Take from the entries below the stretch from the line with "2025新款复古大框女白色猫眼墨镜时尚高级感百搭显脸小街拍太阳镜" through the line with "Silver tinfoil arrow", and return it exactly, leaving the pictures out.
RECORDS FOR THE EXERCISE Block Start
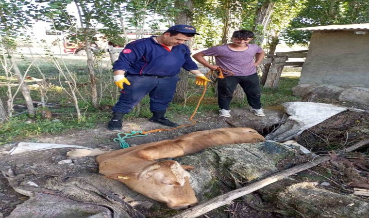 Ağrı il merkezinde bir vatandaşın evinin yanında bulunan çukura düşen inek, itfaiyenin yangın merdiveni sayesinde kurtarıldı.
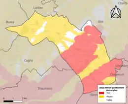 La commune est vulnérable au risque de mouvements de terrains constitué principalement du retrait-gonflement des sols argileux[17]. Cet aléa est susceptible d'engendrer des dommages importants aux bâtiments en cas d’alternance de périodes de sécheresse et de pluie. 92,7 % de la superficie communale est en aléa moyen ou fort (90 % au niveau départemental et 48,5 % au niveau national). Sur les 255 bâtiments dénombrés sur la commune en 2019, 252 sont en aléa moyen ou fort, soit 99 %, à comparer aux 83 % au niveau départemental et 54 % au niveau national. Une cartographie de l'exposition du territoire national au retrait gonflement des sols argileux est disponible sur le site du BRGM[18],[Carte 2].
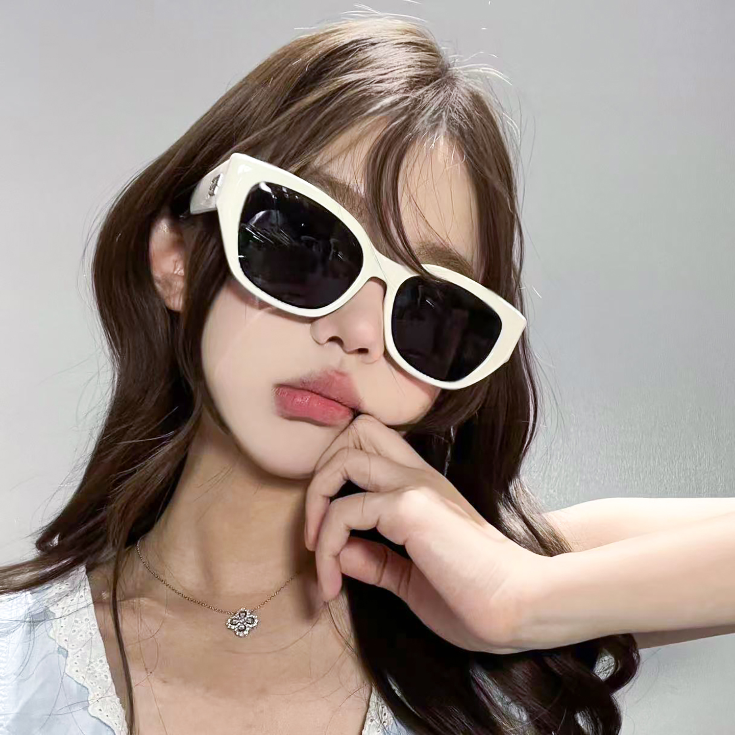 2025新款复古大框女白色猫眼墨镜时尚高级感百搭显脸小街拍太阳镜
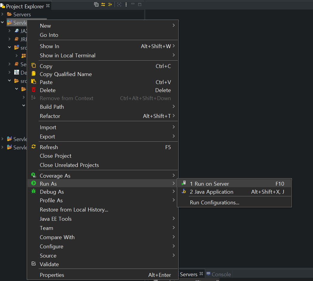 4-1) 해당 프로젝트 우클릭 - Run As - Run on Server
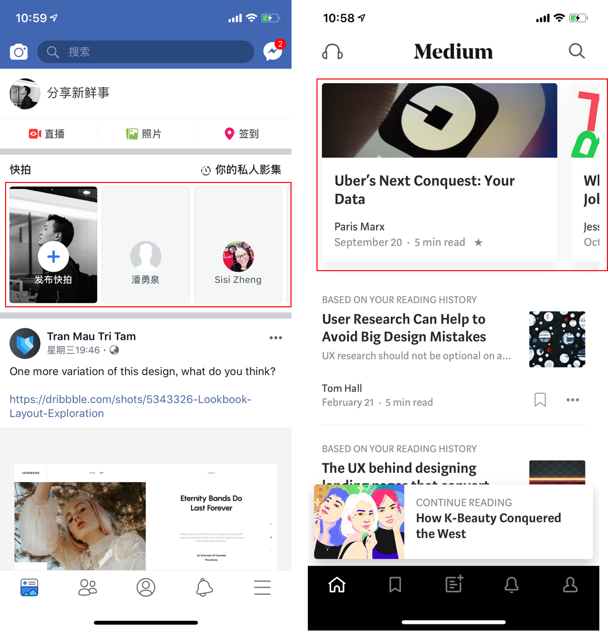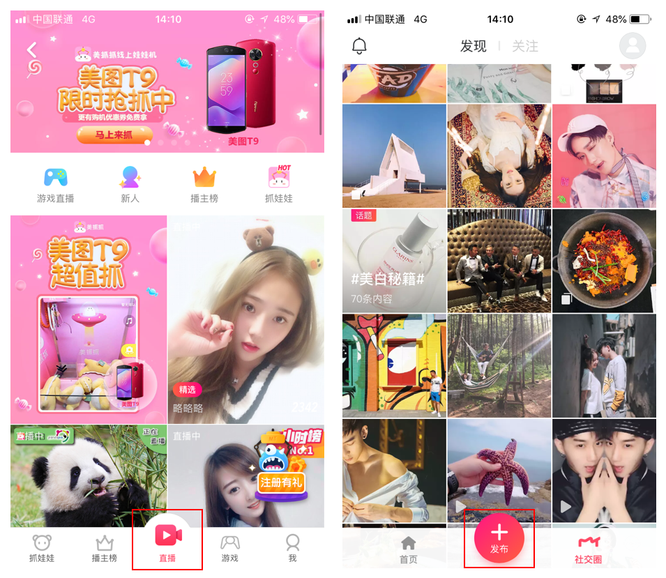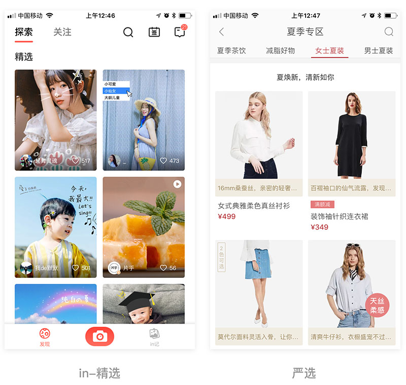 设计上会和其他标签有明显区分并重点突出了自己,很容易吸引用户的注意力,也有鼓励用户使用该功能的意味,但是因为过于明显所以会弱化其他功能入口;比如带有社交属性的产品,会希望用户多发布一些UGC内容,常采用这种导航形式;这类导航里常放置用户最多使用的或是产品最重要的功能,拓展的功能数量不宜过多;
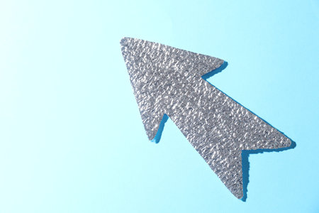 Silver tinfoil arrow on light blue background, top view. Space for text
RECORDS FOR THE EXERCISE Block End
RECORDS FOR THE EXERCISE Block Start
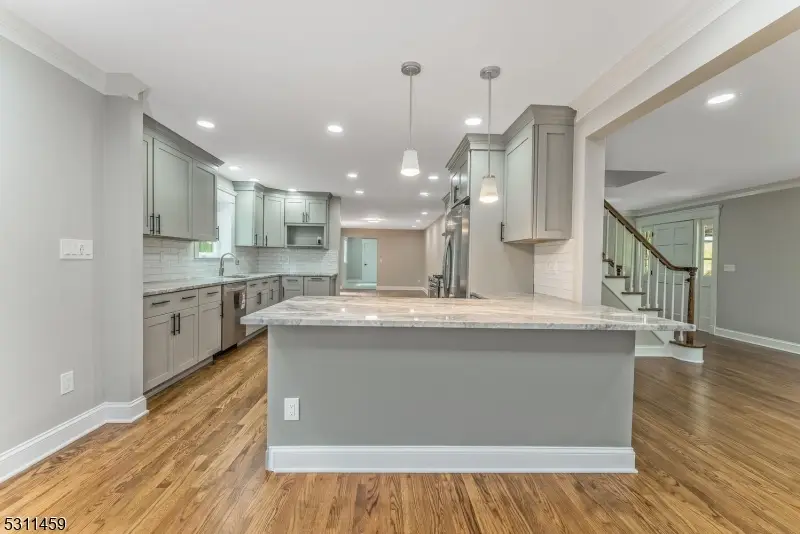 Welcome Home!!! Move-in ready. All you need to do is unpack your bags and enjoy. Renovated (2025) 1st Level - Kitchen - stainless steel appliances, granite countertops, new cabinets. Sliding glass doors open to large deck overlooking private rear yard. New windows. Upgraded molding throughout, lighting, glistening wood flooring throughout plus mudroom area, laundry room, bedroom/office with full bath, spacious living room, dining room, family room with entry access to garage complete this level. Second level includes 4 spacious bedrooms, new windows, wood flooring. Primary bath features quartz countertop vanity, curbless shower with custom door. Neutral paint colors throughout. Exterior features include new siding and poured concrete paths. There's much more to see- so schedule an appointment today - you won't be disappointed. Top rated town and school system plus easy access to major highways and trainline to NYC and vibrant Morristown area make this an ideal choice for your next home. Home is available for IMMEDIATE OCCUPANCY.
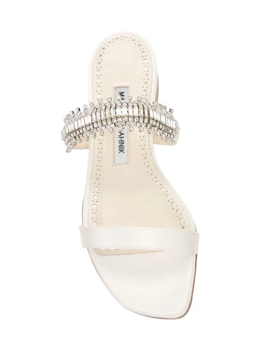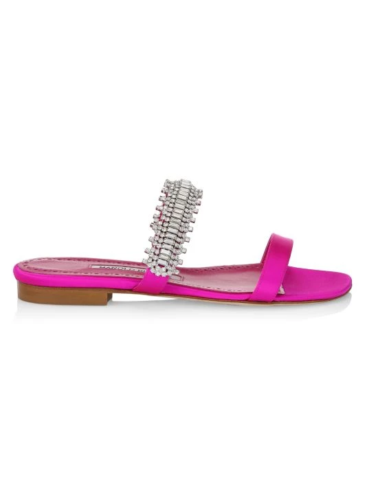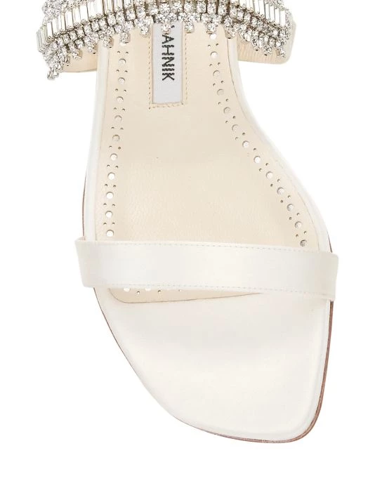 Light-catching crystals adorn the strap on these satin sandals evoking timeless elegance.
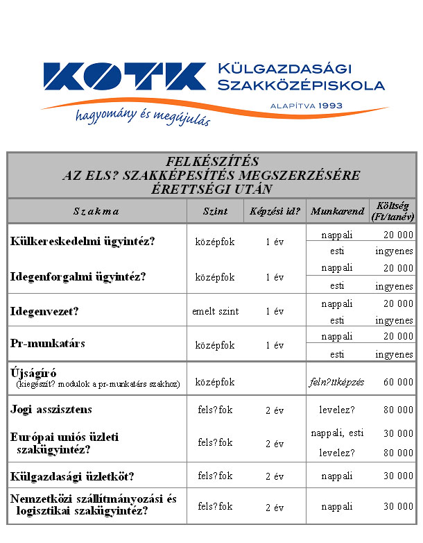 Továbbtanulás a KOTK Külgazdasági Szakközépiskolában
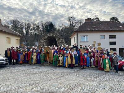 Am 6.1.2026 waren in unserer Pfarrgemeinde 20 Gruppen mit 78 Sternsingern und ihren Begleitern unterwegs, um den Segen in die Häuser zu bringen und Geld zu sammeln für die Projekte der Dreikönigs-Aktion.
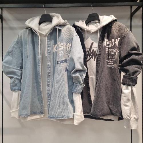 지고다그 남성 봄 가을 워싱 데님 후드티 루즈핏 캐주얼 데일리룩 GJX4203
RECORDS FOR THE EXERCISE Block End
RECORDS FOR THE EXERCISE Block Start
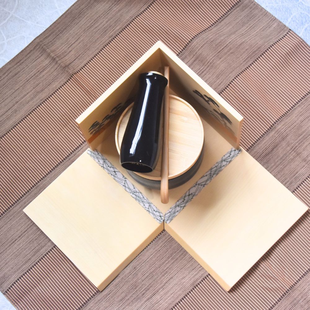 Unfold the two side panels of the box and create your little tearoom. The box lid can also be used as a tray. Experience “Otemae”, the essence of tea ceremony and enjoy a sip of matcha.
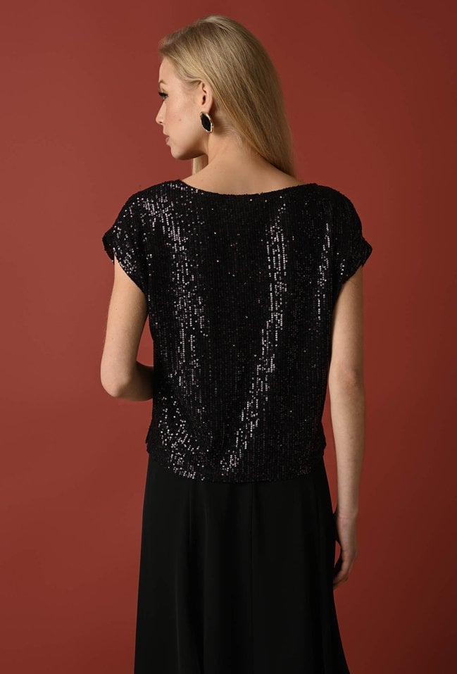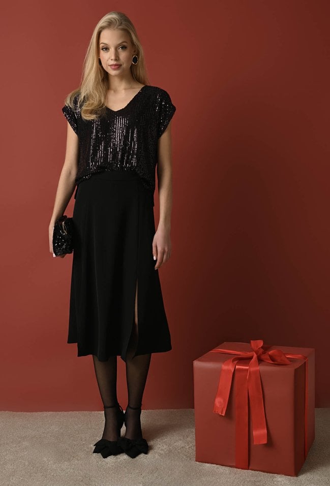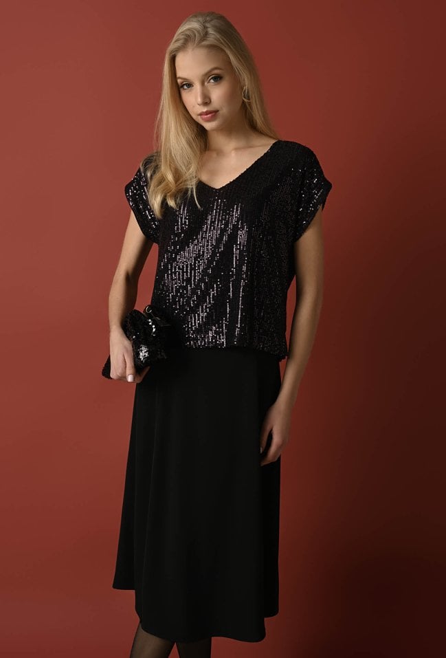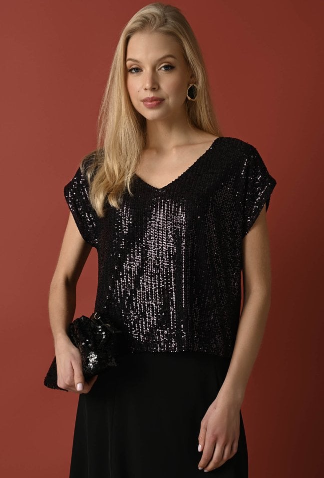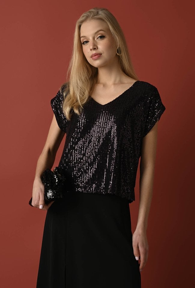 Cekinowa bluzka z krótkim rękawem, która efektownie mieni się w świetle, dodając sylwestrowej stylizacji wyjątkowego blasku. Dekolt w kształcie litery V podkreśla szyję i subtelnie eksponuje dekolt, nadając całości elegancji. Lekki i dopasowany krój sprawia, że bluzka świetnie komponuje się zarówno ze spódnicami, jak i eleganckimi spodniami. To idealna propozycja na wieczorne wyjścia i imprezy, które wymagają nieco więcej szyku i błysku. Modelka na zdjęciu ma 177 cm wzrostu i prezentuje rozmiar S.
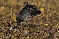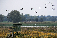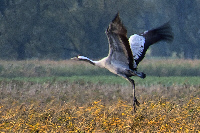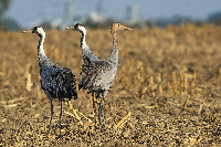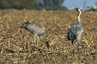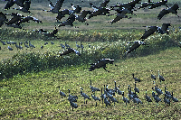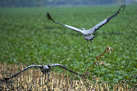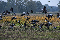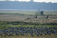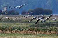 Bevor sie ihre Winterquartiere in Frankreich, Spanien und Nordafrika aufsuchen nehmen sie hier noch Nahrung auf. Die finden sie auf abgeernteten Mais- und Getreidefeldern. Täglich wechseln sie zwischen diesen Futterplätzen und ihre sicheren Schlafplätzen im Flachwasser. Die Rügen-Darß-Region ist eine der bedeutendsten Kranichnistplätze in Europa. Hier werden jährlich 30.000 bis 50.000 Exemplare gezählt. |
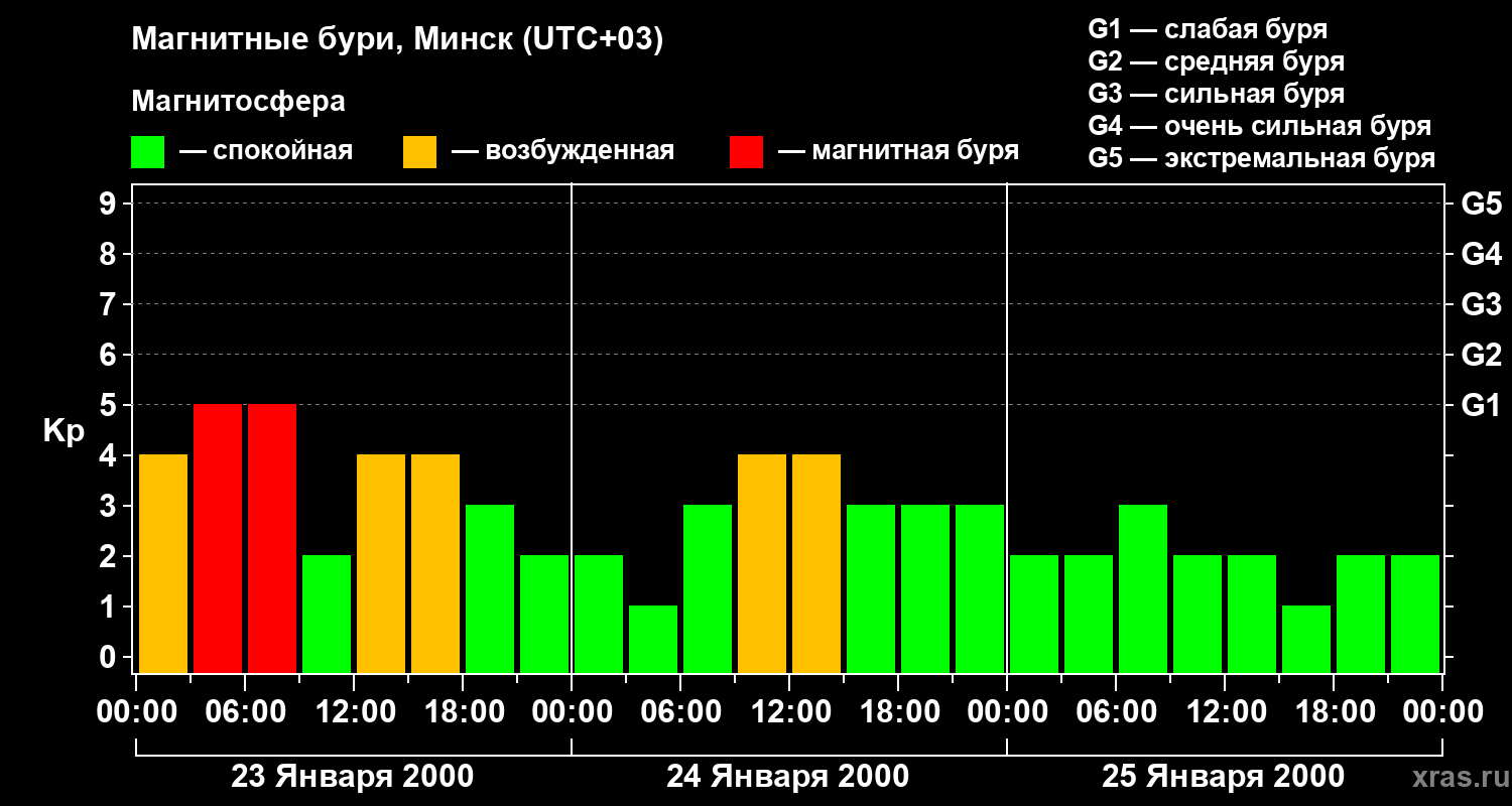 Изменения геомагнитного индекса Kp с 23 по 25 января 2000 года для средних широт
RECORDS FOR THE EXERCISE Block End
- _EXERCISE RESPONSE_:
 2025新款复古大框女白色猫眼墨镜时尚高级感百搭显脸小街拍太阳镜
 4-1) 해당 프로젝트 우클릭 - Run As - Run on Server
 设计上会和其他标签有明显区分并重点突出了自己,很容易吸引用户的注意力,也有鼓励用户使用该功能的意味,但是因为过于明显所以会弱化其他功能入口;比如带有社交属性的产品,会希望用户多发布一些UGC内容,常采用这种导航形式;这类导航里常放置用户最多使用的或是产品最重要的功能,拓展的功能数量不宜过多;
 Silver tinfoil arrow on light blue background, top view. Space for text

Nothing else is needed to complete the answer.